Sie liegt dann vor, wenn der Partner psychisch unter Druck
gesetzt und zu sexuellen Handlungen gedrängt wird, die er nicht
oder wenigstens nicht in diesem Moment tun möchte.
In eine derartige Situation kannst du wesentlich schneller
kommen, als dir lieb sein dürfte. Du bist verliebt und schmust
ziemlich heftig mit deinem Partner, der daraufhin, von deinen
bisherigen Zärtlichkeiten ermutigt, mit dir schlafen will, aber
du nicht mit ihm. Viele Jungen wollen so "kurz vor dem Ziel"
nicht glauben, dass ihre Partnerin tatsächlich "nein" meint,
wenn sie "nein" sagt. Sie glauben, das Mädchen sei nur etwas
zickig oder lege es darauf an, erobert zu werden. Besteht das
Mädchen dann auf ihrem Nein, reagieren viele Jungen dann ihren
Frust ab, indem sie sie beschimpfen, lächerlich machen oder gar
mit Trennung drohen. In diesem Fall solltest du deinen Lover
umgehend in die Wüste schicken, und zwar sofort!
Vergewaltigung
Unter den Begriff der Vergewaltigung fällt jeder Sex, der unter
Zwang ausgeübt wird. Der Zwang kann körperliche Gewalt oder das
Androhen von schlimmen Folgen sein. (vgl. eigener Artikel)
Inzest
Inzest meint die sexuellen Kontakte unter Familienangehörigen,
also Bruder-Schwester, Vater-Tochter, Mutter-Sohn, Opa-Enkelin.

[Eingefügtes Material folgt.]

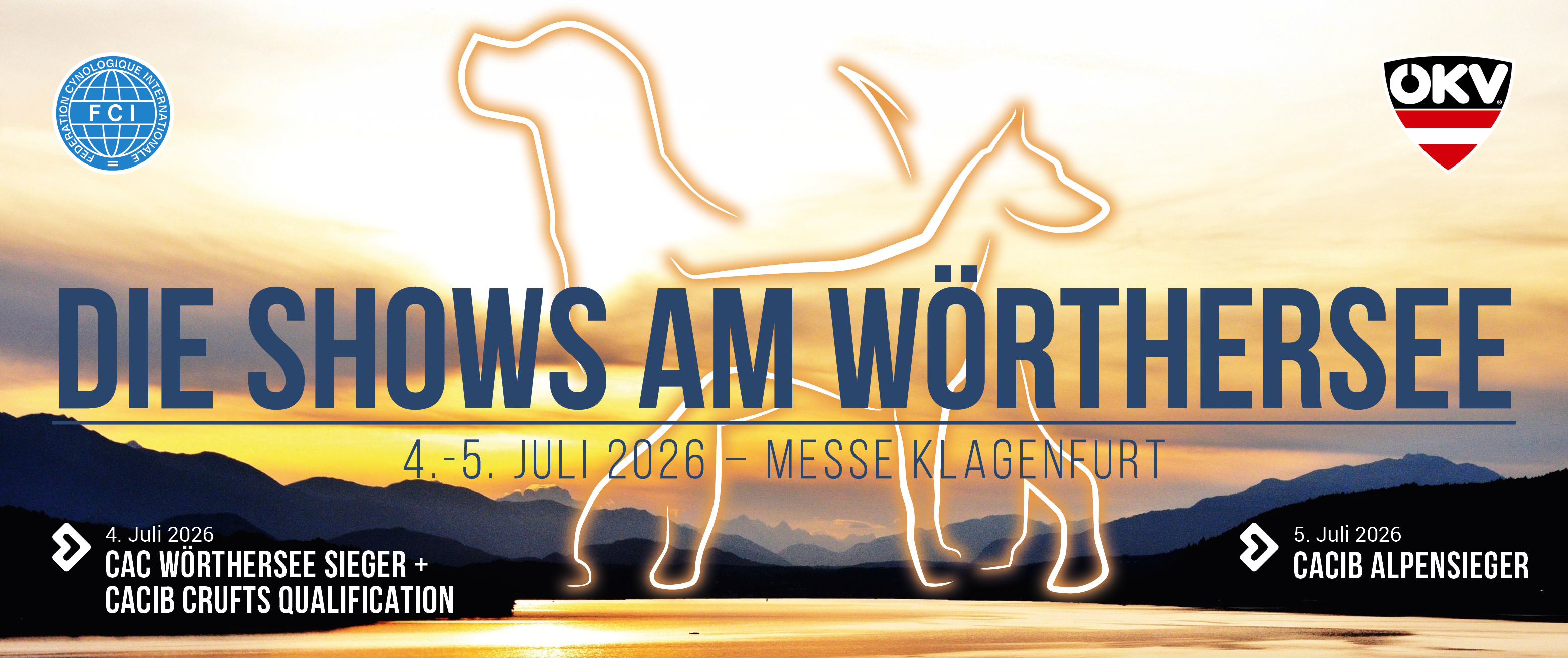 | 04.07.2026 - 05.07.2026 | International Shows Klagenfurt 2xCACIB, 1xCAC Klagenfurt 04.07.2026 - NHA Wörtherseesieger 04.07.2026 - CACIB Crufts Qualification 05.07.2026 - CACIB Alpensieger Alle Rassen an beiden Tagen! Veranstalter: Österreichischer Kynologenverband email: office@oekv.at Homepage: www.oekv.at | |

Der Begriff Familienangehörige schließt dabei auch die nicht
Blutsverwandten wie Stiefvater oder Stiefschwester mit ein.
Die Palette der sexuellen Übergriffe beim Inzest ist breit
gefächert und reicht von Küssen und Streicheln bis hin zum
erzwungenen Geschlechtsverkehr.
Inzest steht bei nahezu allen Völkern auf der Welt unter
Strafe, nicht zuletzt deswegen, weil Kinder, die bei derartigen
Beziehungen gezeugt werden, überdurchschnittlich oft mit
geistigen und körperlichen Schäden geboren werden. Außerdem hat
Inzest katastrophale Folgen für die seelische Gesundheit und die
sexuelle Entwicklung des betroffenen Kindes. Inzest ist für die
Opfer vor allem deshalb so furchtbar, weil er sich nicht selten
unter dem Mitwissen der anderen Familienmitglieder abspielt und
geduldet wird, so dass das Vertrauen in die eigene Familie
erschüttert wird.
Bei Inzest gilt das gleiche wie bei sexuellem Missbrauch:
Sprich mit einer erwachsenen Vertrauensperson über dein Problem,
sie wird dann die erforderlichen Schritte in die Wege leiten und
dir helfen.
Wie soll ich bei sexueller Belästigung reagieren?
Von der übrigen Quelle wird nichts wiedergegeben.